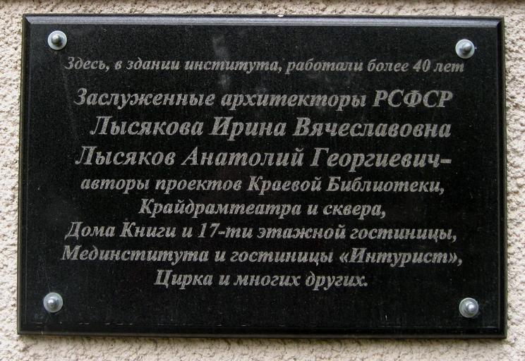 Keywords: Мемориальная доска архитекторам И. В. Лысяковой и А. Г. Лысякову.jpg А Г Лысякове на здании в кото ом асполагался институт «Став опольаг оп омп оект» own 19 мая 2016 A Tanchugin CC-Zero A Tanchugin PD-trivial Original upload log ru wikipedia ftcg page ru wikipedia D0 9C D0 B5 D0 BC D0 BE D1 80 D0 B8 D0 B0 D0 BB D1 8C D0 BD D0 B0 D1 8F_ D0 B4 D0 BE D1 81 D0 BA D0 B0_ D0 B0 D1 80 D1 85 D0 B8 D1 82 D0 B5 D0 BA D1 82 D0 BE D1 80 D0 B0 D0 BC_ D0 98 _ D0 92 _ D0 9B D1 8B D1 81 D1 8F D0 BA D0 BE D0 B2 D0 BE D0 B9_ D0 B8_ D0 90 _ D0 93 _ D0 9B D1 8B D1 81 D1 8F D0 BA D0 BE D0 B2 D1 83 jpg wikitable - 13 31 20 May 2016 2 272 × 1 564 1 154 529 bytes A Tanchugin w ru Изоб ажение описание емо иальная доска установленная в память о заслуженных а хитекто ах РСФСР И В Лысяковой и Лысяков Анато Stavropol Taken with Canon PowerShot A3150 IS |
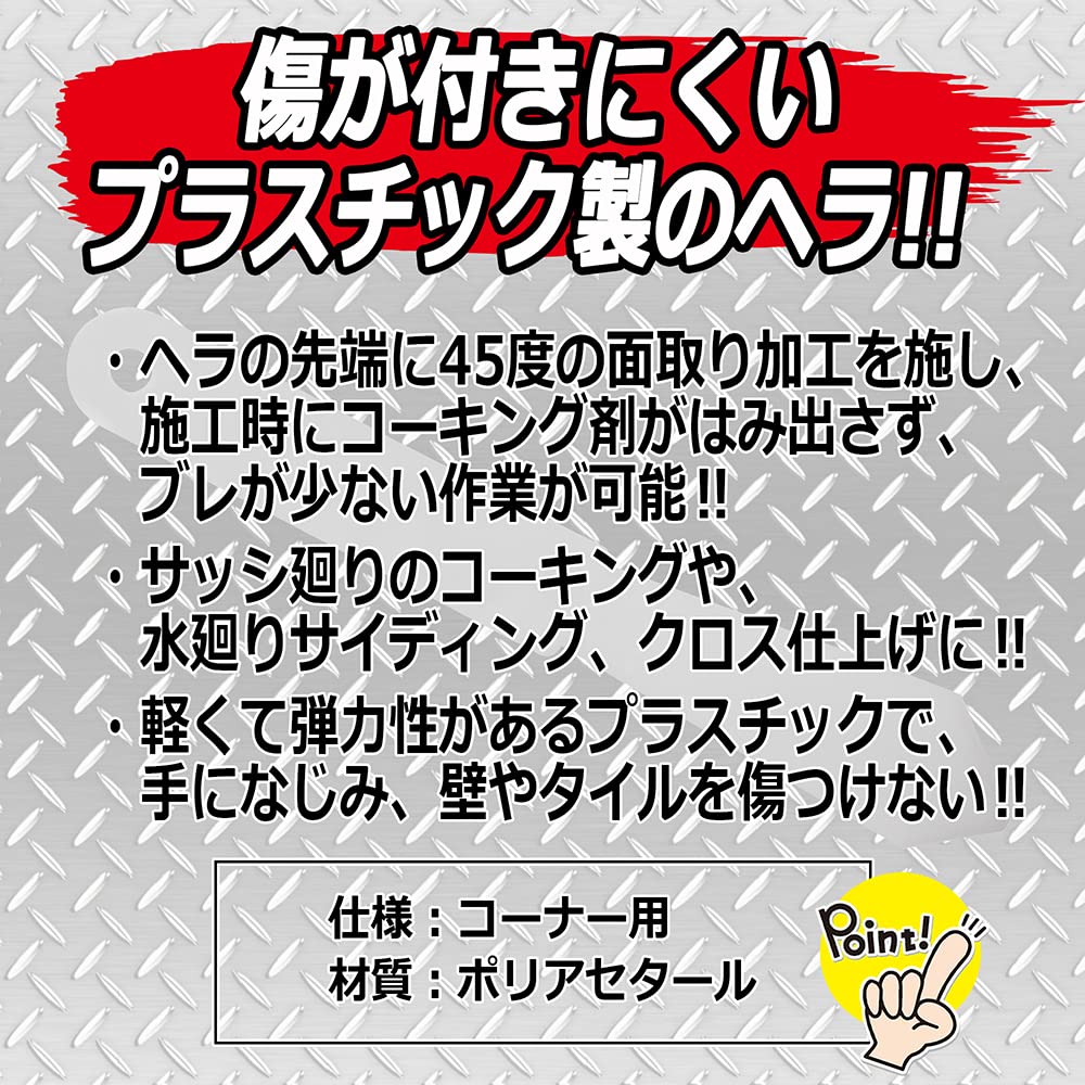 ヘラの先端が45度に面取り加工されているので、施工時にコーキング剤がはみ出さず、ブレが少ない作業が可能
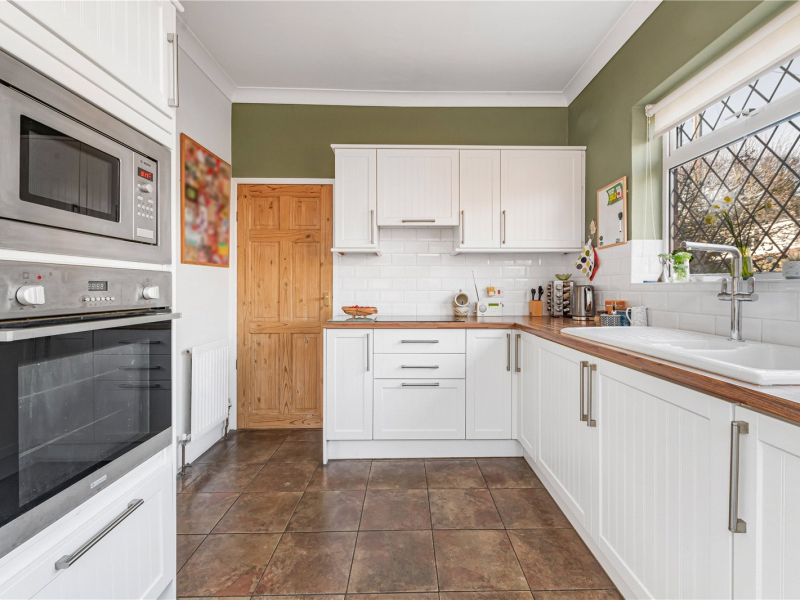 Upon entering, stairs rise to the first floor with useful storage beneath, and the hallway benefits from original oak flooring. To your right is the utility room, which has plumbing for a washing machine, a sink, and further storage space. The kitchen is fitted with neutral shaker-style units and wooden worktops, with built-in appliances including an induction hob, oven, and microwave. There is also space for a fridge/freezer and dishwasher.
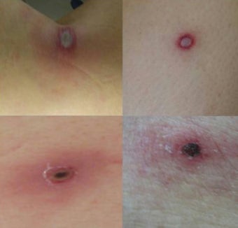 피부 발진 및 검은 딱지(가피)

* * *

Return the full material word for word. Do not include the pictures.

 Keywords: Мемориальная доска архитекторам И. В. Лысяковой и А. Г. Лысякову.jpg А Г Лысякове на здании в кото ом асполагался институт «Став опольаг оп омп оект» own 19 мая 2016 A Tanchugin CC-Zero A Tanchugin PD-trivial Original upload log ru wikipedia ftcg page ru wikipedia D0 9C D0 B5 D0 BC D0 BE D1 80 D0 B8 D0 B0 D0 BB D1 8C D0 BD D0 B0 D1 8F_ D0 B4 D0 BE D1 81 D0 BA D0 B0_ D0 B0 D1 80 D1 85 D0 B8 D1 82 D0 B5 D0 BA D1 82 D0 BE D1 80 D0 B0 D0 BC_ D0 98 _ D0 92 _ D0 9B D1 8B D1 81 D1 8F D0 BA D0 BE D0 B2 D0 BE D0 B9_ D0 B8_ D0 90 _ D0 93 _ D0 9B D1 8B D1 81 D1 8F D0 BA D0 BE D0 B2 D1 83 jpg wikitable - 13 31 20 May 2016 2 272 × 1 564 1 154 529 bytes A Tanchugin w ru Изоб ажение описание емо иальная доска установленная в память о заслуженных а хитекто ах РСФСР И В Лысяковой и Лысяков Анато Stavropol Taken with Canon PowerShot A3150 IS |
 ヘラの先端が45度に面取り加工されているので、施工時にコーキング剤がはみ出さず、ブレが少ない作業が可能
 Upon entering, stairs rise to the first floor with useful storage beneath, and the hallway benefits from original oak flooring. To your right is the utility room, which has plumbing for a washing machine, a sink, and further storage space. The kitchen is fitted with neutral shaker-style units and wooden worktops, with built-in appliances including an induction hob, oven, and microwave. There is also space for a fridge/freezer and dishwasher.
 피부 발진 및 검은 딱지(가피)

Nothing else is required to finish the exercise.